The European parliament has been among the biggest advocates of the introduction of euro area bonds - sovereign debt jointly underwritten by all 17 eurozone members - as a way of tackling the crisis.

The European Commission has promised to present proposals for such bonds in the coming weeks, and Barroso underlined that intention, but he nuanced it on Wednesday, saying the bonds should be called “stability bonds” rather than “euro bonds”.

He also said they should only be considered once there was far deeper economic integration among the region’s states.

“Once the euro area is fully equipped with the instruments necessary to ensure both integration and discipline, the issuance of joint debt will be seen as a natural and advantageous step for all,” he said.

“On condition that such euro bonds will be 'stability bonds': bonds that are designed in a way that rewards those who play by the rules, and deters those who don't.”

In other initiatives put forward in the speech, which Barroso has adopted as a way of weighing up the direction of the EU in much the way the US president does in his state of the union address to Congress each year, the commission president also advocated tighter financial regulation.
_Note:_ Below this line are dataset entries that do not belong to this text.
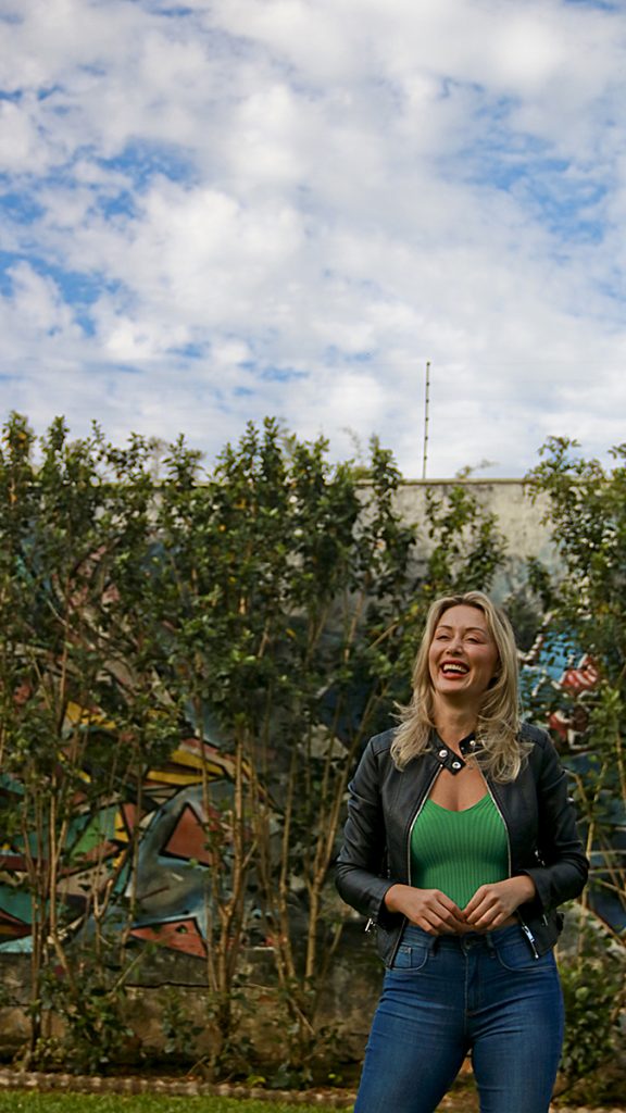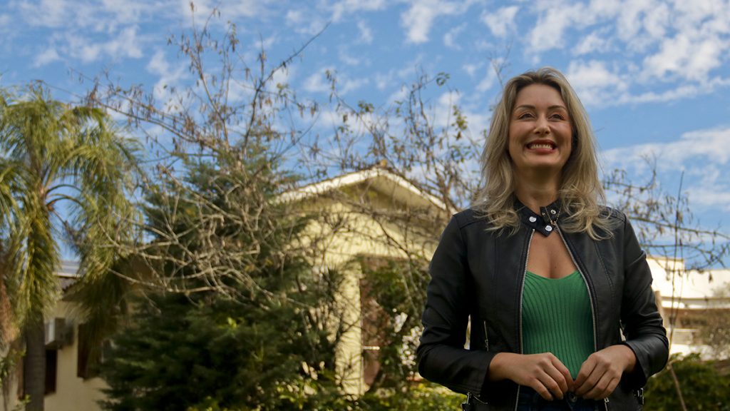 Entretanto, a jornada até realizar o sonho de ser atriz não foi fácil. Nascida em Sobradinho, ela viveu até os 5 anos no interior de Ibarama, onde agora existe a barragem da Usina Hidrelétrica Dona Francisca. A vida era simples, sem saneamento básico e sem energia elétrica, mas com um coração cheio de sonhos. “A criança do interior tem que ter uma criatividade muito grande, porque não tem televisão pra entreter, muito menos celular e internet. As nossas brincadeiras nós mesmos que tínhamos que inventar. Tem que ser criativa quando tem pouco, ainda mais eu, no interior e que ainda era muito pobre”, conta.
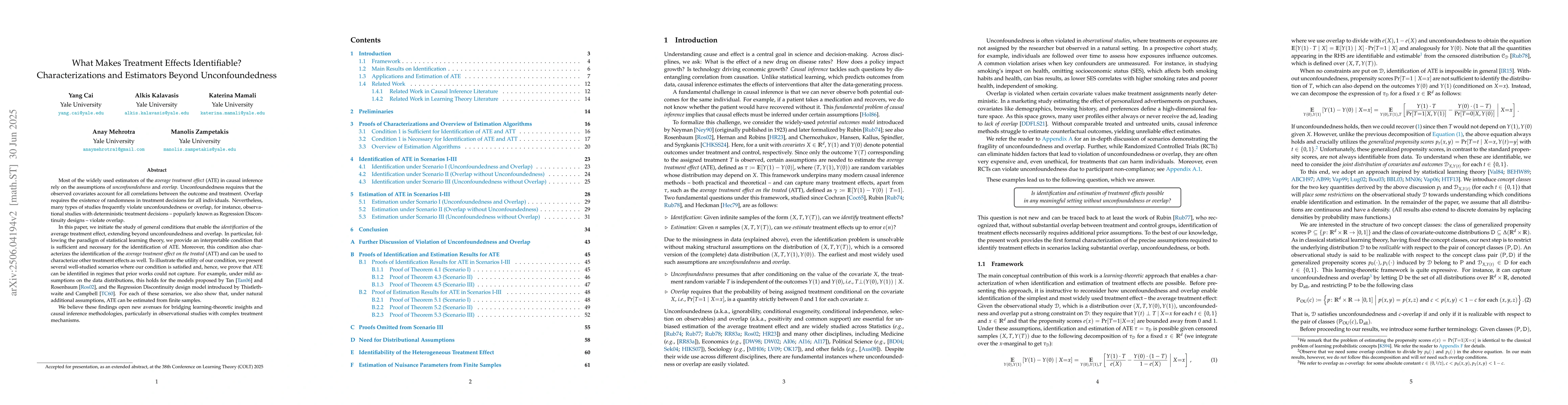 The paper initiates the study of general conditions for identifying average treatment effects (ATE) beyond unconfoundedness and overlap, using statistical learning theory paradigms.
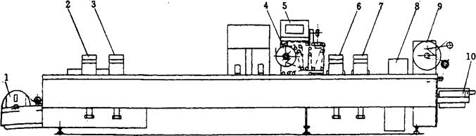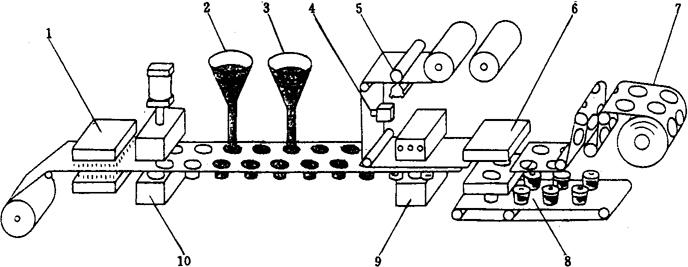 图2-8-3 直线间歇式热成型-充填-封口机工作示意图 1-成型塑片 2-加热装置 3-成型装置 4-覆膜 5-控制箱 6-封合装置 7-冷却器 8-冲裁装置 9-余料收集装置 10-输出装置 图2-8-4所示为直线间歇式热成型-充填-封口机工作示意图。工作时,成型薄膜在主传动机构的驱使下作向前间歇运动。首先,成型薄膜进入加热工位1,加热装置温度可调,当薄膜温度达到预定塑化温度,前进至成型工位10,薄膜被抽吸或压制成预定形状的容器,继续向前至充填工位2充入物料,必要时可采用二次充填。然后移至封合工位热封9,最后抵达冲裁工位6,在此,包装成品被冲裁输出,废膜则由废膜输出装置卷走。
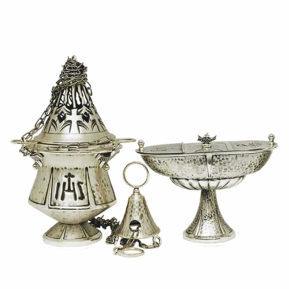Brass censer with boat crafted by hand with hammering with IHS and Pax symbols. The traditional elongated boat is furnished with spoon. The interior is removable.
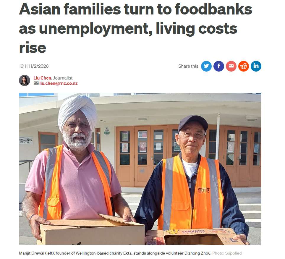 多家慈善机构近日表示,新西兰全国范围内食物银行(Foodbank)的亚裔使用者数量大幅上升。(图/RNZ网站截图)

There are already plans in place to impose tighter controls on derivatives trading, naked short-selling and bankers' pay. Barroso said proposals would be delivered by the end of the year to crack down on rating agencies, and said work was continuing on a tax on financial transactions.

“In the last three years, member states have granted aid and provided guarantees of €4.6 trillion to the financial sector. It is time for the financial sector to make a contribution back to society,” he said, adding that such a tax could raise as much as €55bn a year.